> _Task brief_
All lines from the opening of the material up to and including the line with "9:加盖中小火慢慢焖煮半小时" should be transcribed exactly, pictures excepted.

Records for the task Block Start

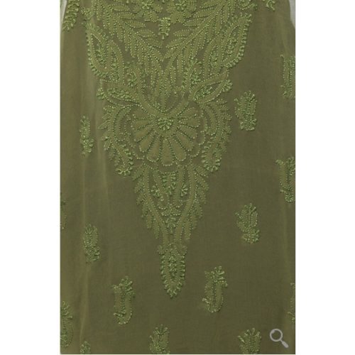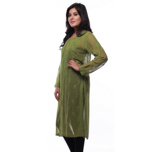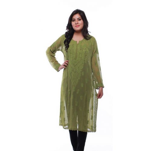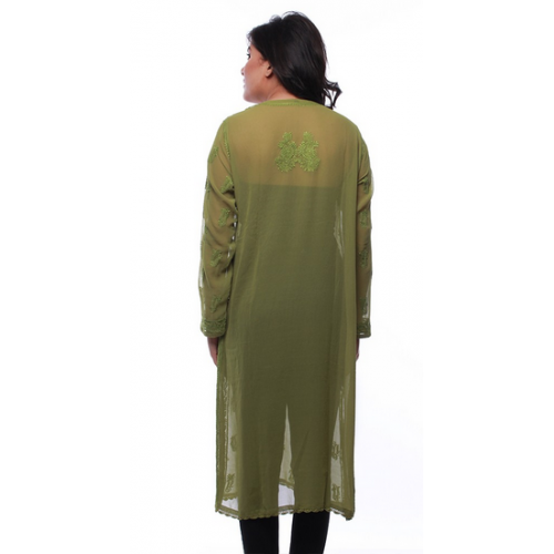 Ada Hand Embroidered Large Green Faux georgette Lucknow Chikankari Long Kurti
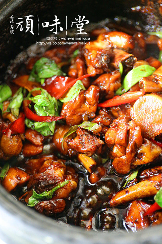 9:加盖中小火慢慢焖煮半小时左右,锅的密封性要好,不然很快就会干锅而鸡肉还没焖透;越到后面越要注意汤汁的多少和粘稠度,因为糖分较高很容易糊底哦。
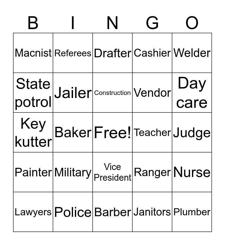 This bingo card has a free space and 24 words: Military, Police, Construction, Lawyers, Welder, Macnist, State potrol, Referees, Teacher, Vice President, Vendor, Key kutter, Ranger, Nurse, Jailer, Janitors, Judge, Drafter, Day care, Baker, Plumber, Painter, Cashier and Barber.
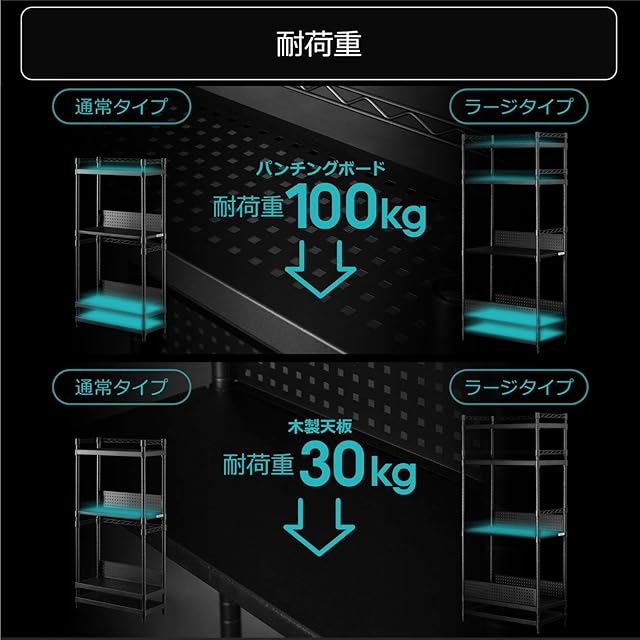 棚板にスチールプレートを採用し、メタルシェルフと比べ安定感を向上。
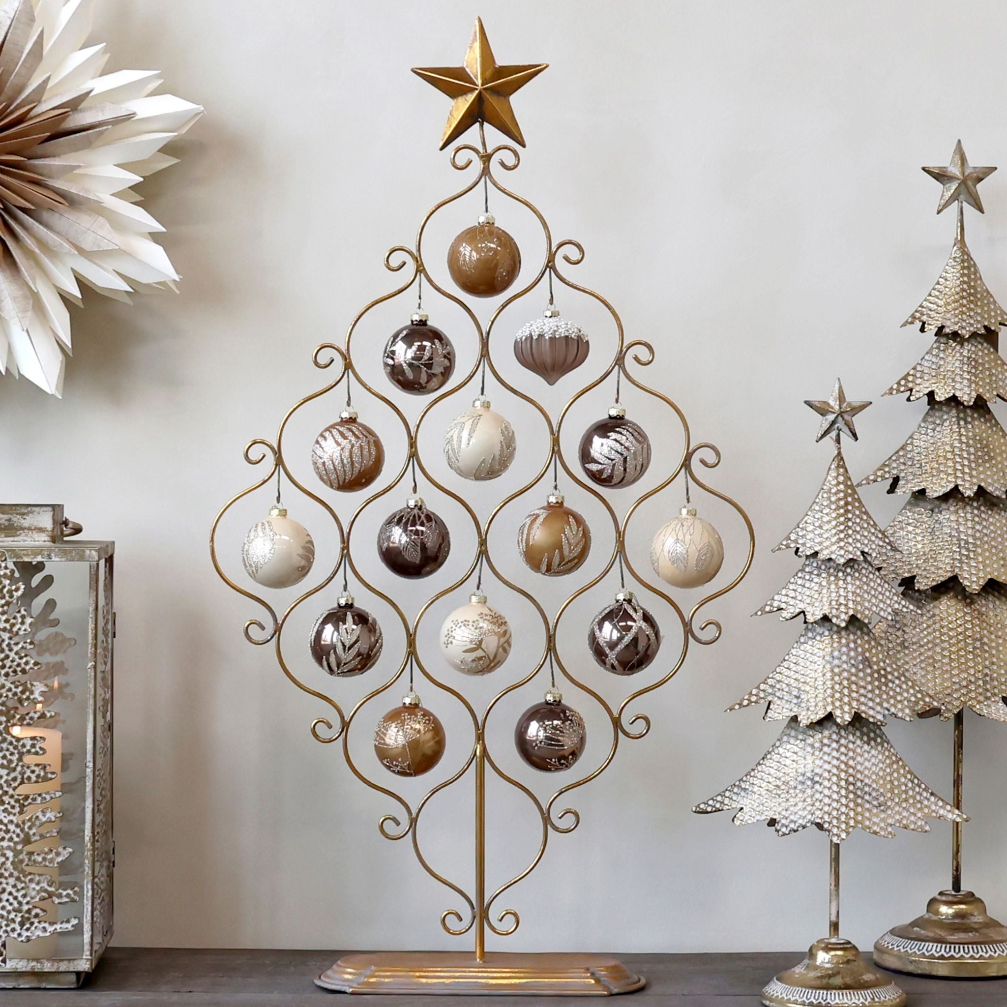 Dieser schöne Ständer hat die Form eines Weihnachtsbaums und bietet Platz zum Aufhängen von Weihnachtsdekorationen und Weihnachtskugeln. Eine tolle Möglichkeit, Ihre Lieblingsweihnachtskugeln zu präsentieren. Der Baum bietet Platz für 15 Weihnachtskugeln/-ornamente und der Ständer hat eine schöne antike Messingfarbe.

Records for the task Block End

> _Answer box_
 Ada Hand Embroidered Large Green Faux georgette Lucknow Chikankari Long Kurti
 9:加盖中小火慢慢焖煮半小时左右,锅的密封性要好,不然很快就会干锅而鸡肉还没焖透;越到后面越要注意汤汁的多少和粘稠度,因为糖分较高很容易糊底哦。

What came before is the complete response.